*Action item*.
Retype all of the listing exactly, with no pictures.

*Data segment*.
----

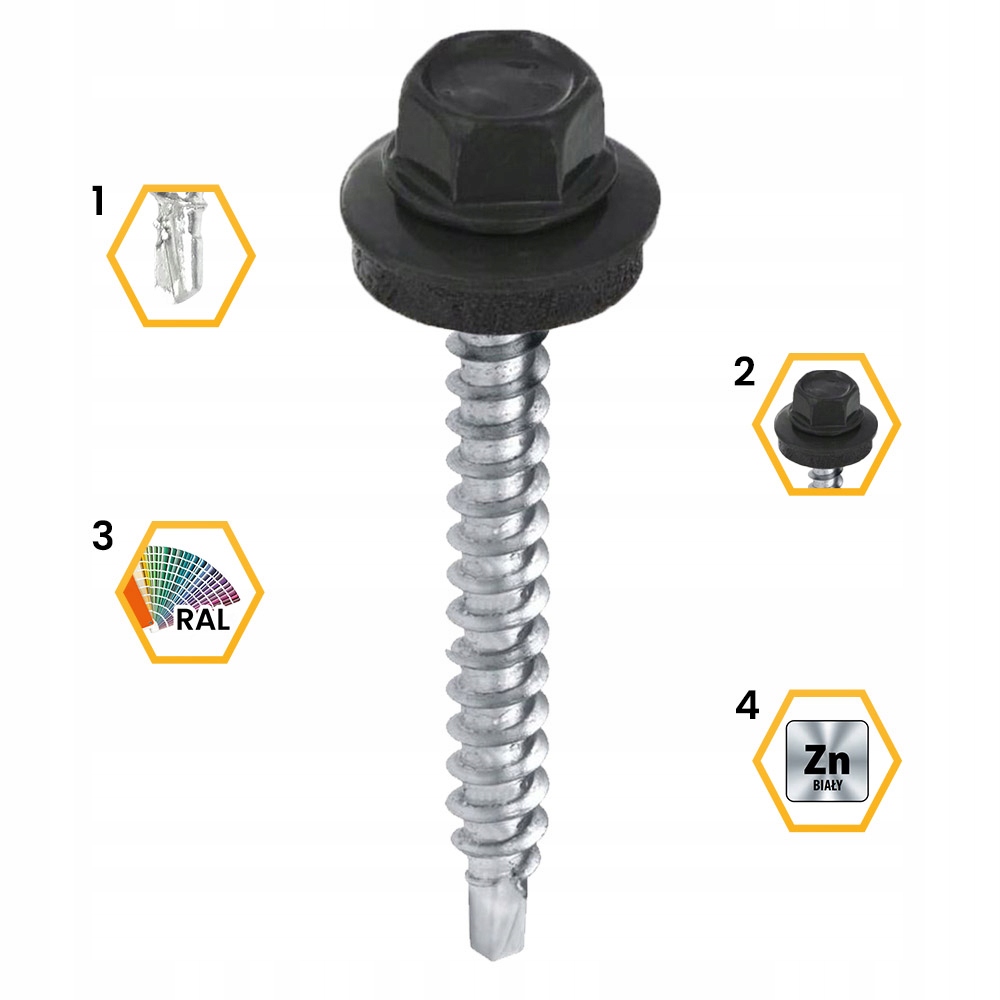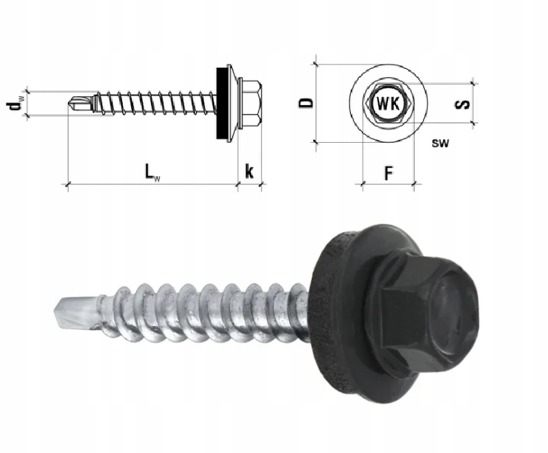 Wkręt samowiercący marki Wkręt-met z podkładką EPDM wykonany w powłoce cynkowej do mocowania blach, blachodachówki i obróbek blacharskich do podłoża drewnianego.
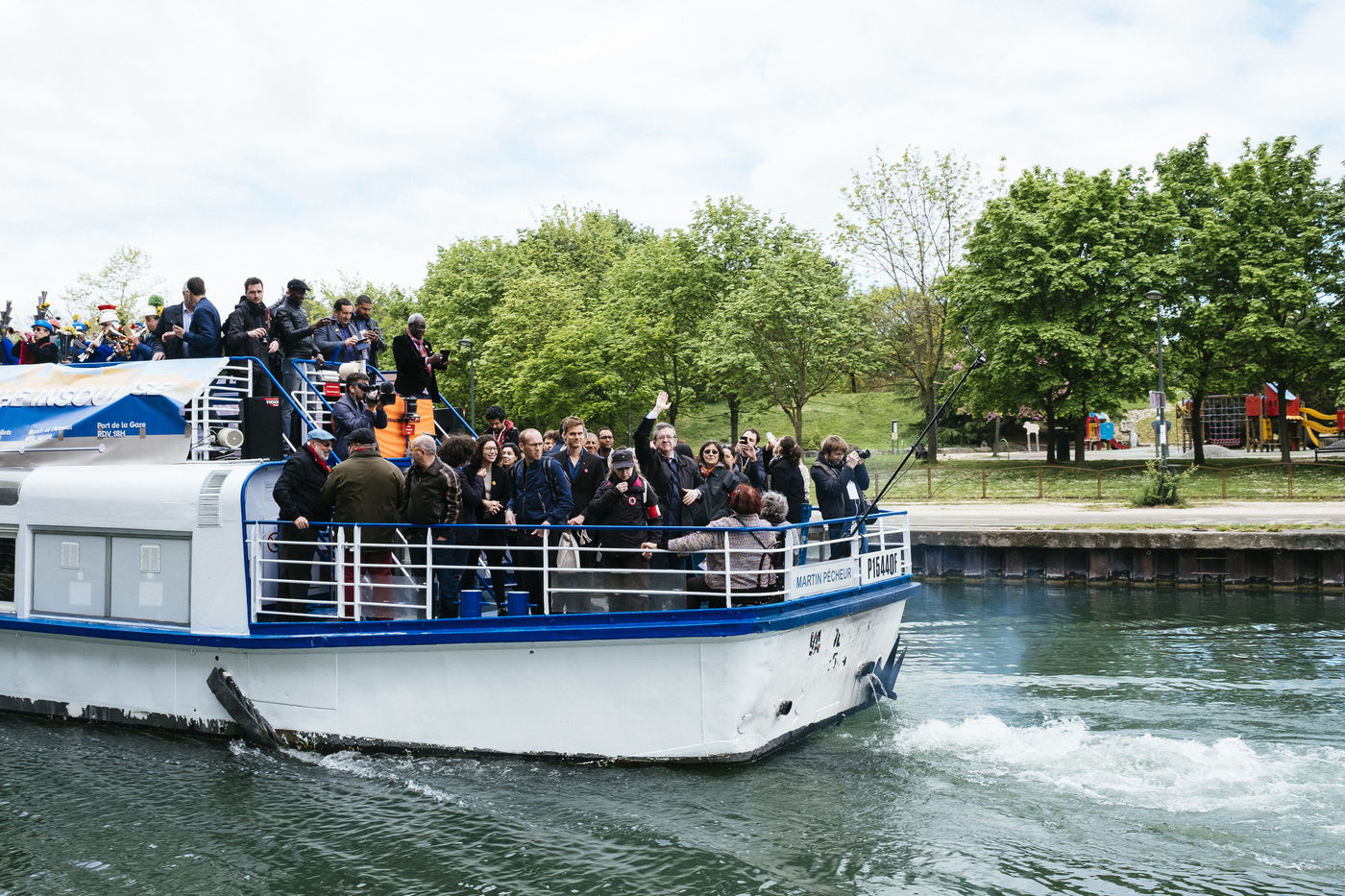 Jean-Luc Mélenchon en campagne à bord de la "Péniche insoumise", de Bobigny à la Bibliothèque François Mitterrand. Lundi 17 Avril 2017.
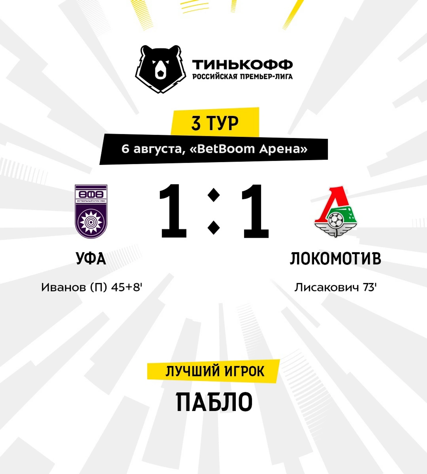 Матч Уфы с Локомотивом мы пропустили. Команды сыграли в ничью 1:1 и в ближайшее время, вы увидите разбор этой встречи на нашем блоге.

----

*Solution for this problem*.
 Wkręt samowiercący marki Wkręt-met z podkładką EPDM wykonany w powłoce cynkowej do mocowania blach, blachodachówki i obróbek blacharskich do podłoża drewnianego.
 Jean-Luc Mélenchon en campagne à bord de la "Péniche insoumise", de Bobigny à la Bibliothèque François Mitterrand. Lundi 17 Avril 2017.
 Матч Уфы с Локомотивом мы пропустили. Команды сыграли в ничью 1:1 и в ближайшее время, вы увидите разбор этой встречи на нашем блоге.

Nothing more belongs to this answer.